I know it is crap. After reading this you can watch George of the Jungle and think it was not a spoof but a spirited retelling of the original. And I love that movie too.

It's probably a carry over from childhood. As I noted in the nomination thread, when others were reading wholesome tales like Anne of Green Gables, I was reading Tarzan of the Apes and the myriad stories that followed. I was climbing trees and swinging from branches - the orchard at home suddenly the darkest jungles of Africa. (But now even a small step ladder makes me nervous. ) And I'm guessing it might be these stories that first led me into science fiction and fantasy via Burroughs' John Carter (Barsoom) stories.

Acknowledging and reading this as pure fantasy helps, I think. It's not quite our world, just very similar. In Tarzan's world there are Apes that fall somewhere between gorillas and humans - something like large chimpanzees, perhaps. In Tarzan's world the lions don't act much like our lions, and it's hard to walk a hundred yards through the jungle without running into one (but always just one, never a pride that would work together to make a brief snack out of a naked ape ).

And while reading I can accept all that. I can forgive the incredible coincidence that Tarzan's cousin, William Clayton (along with Jane Porter etc.), should be stranded on the same beach as Tarzan's parents. I can even forgive most of the sexist, racist and classist portrayals*. No, there are just two things that stood out in this as a step too far for my tastes:

The strandings are almost identical, even down to the large kind-hearted villain that convinces the others to set the people on the beach with supplies rather than simply throwing them overboard. (And this delicate sensibility appears after slaughtering the rest of the officers on board.) I found it easier to accept it was the same beach than that these circumstances should repeat.
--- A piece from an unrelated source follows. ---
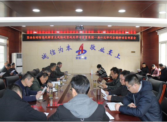 为深入学习贯彻习近平总书记在省部级主要领导干部坚持底线思维着力防范化解重大风险专题研讨班上的重要讲话精神及全省领导干部坚持底线思维着力防范化解重大风险专题培训班精神,坚决贯彻落实省委、省国资委党委、建工控股党委决策部署,3月8日上午,公司召开坚决打好防范化解重大风险攻坚战及学习宣贯集团一届六次职代会精神动员部署会。公司领导班子成员、机关各部门负责人、分公司党政主要负责人参加会议,党委副书记、纪委书记仇多维主持会议。
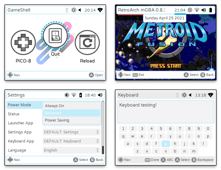 The launcher is quite untested on devices other than the GameShell, and features like Wi-Fi settings, sound volume settings, brightness settings are not expected to work.

And the second was swinging through the trees of Wisconsin - over the top of a bush fire. This gave me trouble (hot air rises, trees burn). Isn't it odd that, of all the things I could have picked on, this stood out? And I've never even been to Wisconsin. Okay, so I've never been to Africa, either.


* It seems to me that a story that places white nobility onto such a high and shining pedestal means that much of the racism becomes a variation of class prejudice. The book shows savagery among both white and black men; only the white nobility stands out as honourable ... and, curiously, this is apparently hereditary, so the white nobility can't even take credit for it as something they choose. (Tarzan can't help being good and noble, and a non-cannibal, non-rapist - it came built in. In which case thinking well of Tarzan for these traits is like thinking well of him for having two arms and two legs.)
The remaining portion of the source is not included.